Abstract
Activation of the Notch3 cascade is involved in the development of pulmonary arterial hypertension by stimulating the proliferation of vascular smooth muscle cells. However, the detailed molecular mechanisms underlying this effect are still unclear. The present study aims to address this issue. We demonstrated that over-expression of intracellular domain of the Notch3 receptor (NICD3) by adenovirus transfection dramatically induced proliferation of primary cultured pulmonary artery smooth muscle cells. This was accompanied with up-regulation of Hes1 protein and down-regulation of p27Kip1 protein.
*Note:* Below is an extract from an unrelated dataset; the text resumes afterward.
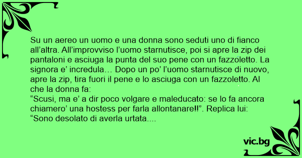 Su un aereo un uomo e una donna sono seduti uno di fianco all’altra. All’improvviso l’uomo starnutisce, poi si apre la zip dei pantaloni e asciuga la рunта del suo pene соn un fazzoletto. La signora e’ incredula… Dopo un po’ l’uomo starnutisce di nuovo, apre la zip, tira fuori il pene e lo asciuga соn un fazzoletto. Al che la donna fa:
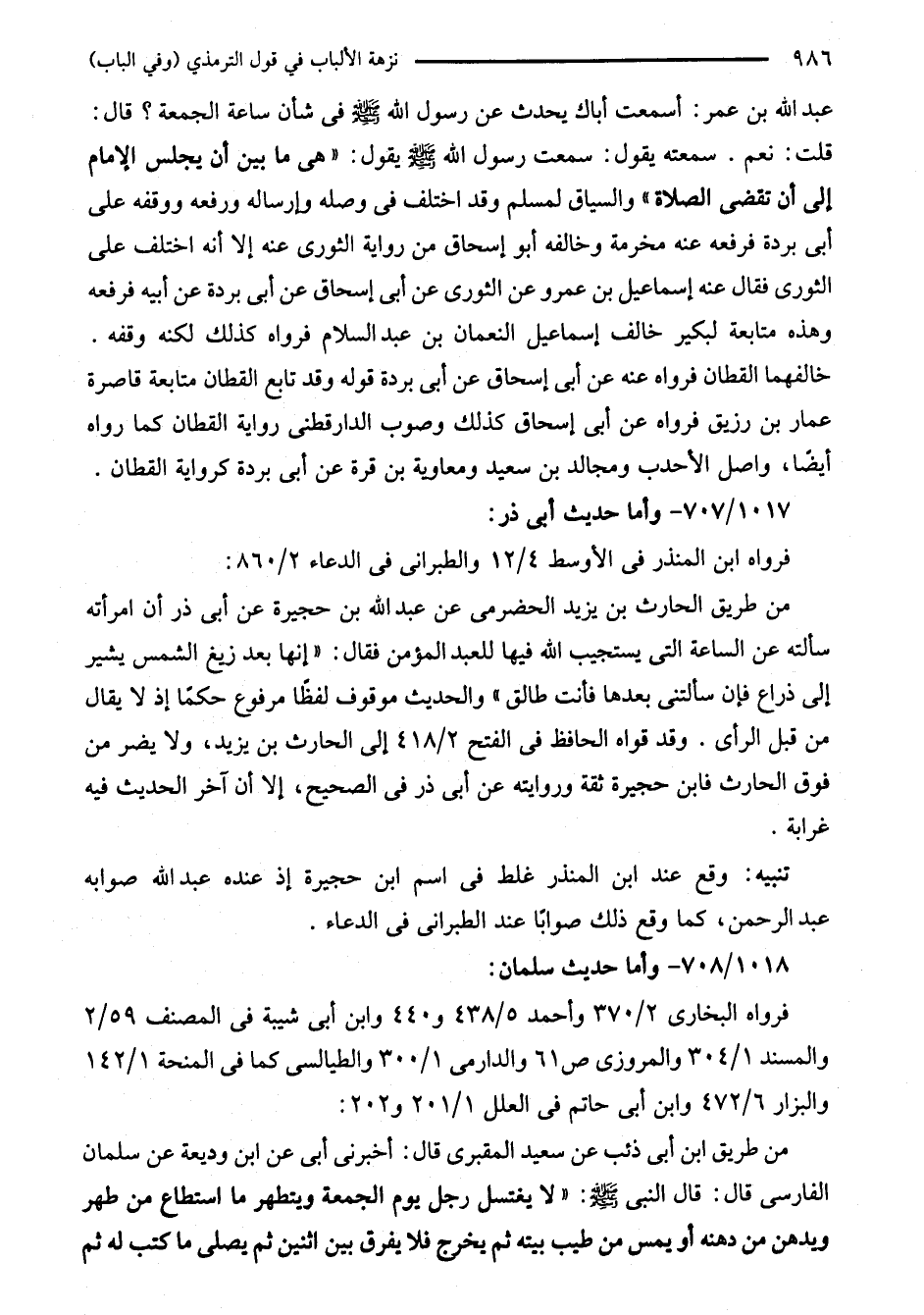 عبد الله بن عمر: أسمعت أباك يحدث عن رسول الله - صلى الله عليه وسلم - في شأن ساعة الجمعة؟ قال: قلت: نعم. سمعته يقول: سمعت رسول الله - صلى الله عليه وسلم - يقول: "هي ما بين أن يجلس الإمام إلى أن تقضى الصلاة" والسياق لمسلم وقد اختلف في وصله وإرساله ورفعه ووقفه على أبى بردة فرفعه عنه مخرمة وخالفه أبو إسحاق من رواية الثورى عنه إلا أنه اختلف على الثورى فقال عنه إسماعيل بن عمرو عن الثورى عن أبى إسحاق عن أبى بردة عن أبيه فرفعه وهذه متابعة لبكير خالف إسماعيل النعمان بن عبد السلام فرواه كذلك لكنه وقفه. خالفهما القطان فرواه عنه عن أبى إسحاق عن أبى بردة قوله وقد تابع القطان متابعة قاصرة عمار بن رزيق فرواه عن أبى إسحاق كذلك وصوب الدارقطني رواية القطان كما رواه أيضًا، واصل الأحدب ومجالد بن سعيد ومعاوية بن قرة عن أبى بردة كرواية القطان.

More importantly, we observed that prior silencing of Hes1 with siRNA blocked NICD3 over-expression-induced p27Kip1 reduction and cell proliferation. The present study suggests that Hes1 lies downstream of NICD3 and particularly mediates Notch3 signaling-induced proliferation of pulmonary arterial smooth muscle cells by down-regulation of p27Kip1 expression.
Highlights
Pulmonary arterial hypertension (PAH) is a clinical syndrome characterized by sustained elevation of pulmonary arterial resistance and pulmonary arterial pressure (PAP) leading to right heart failure and death [1,2]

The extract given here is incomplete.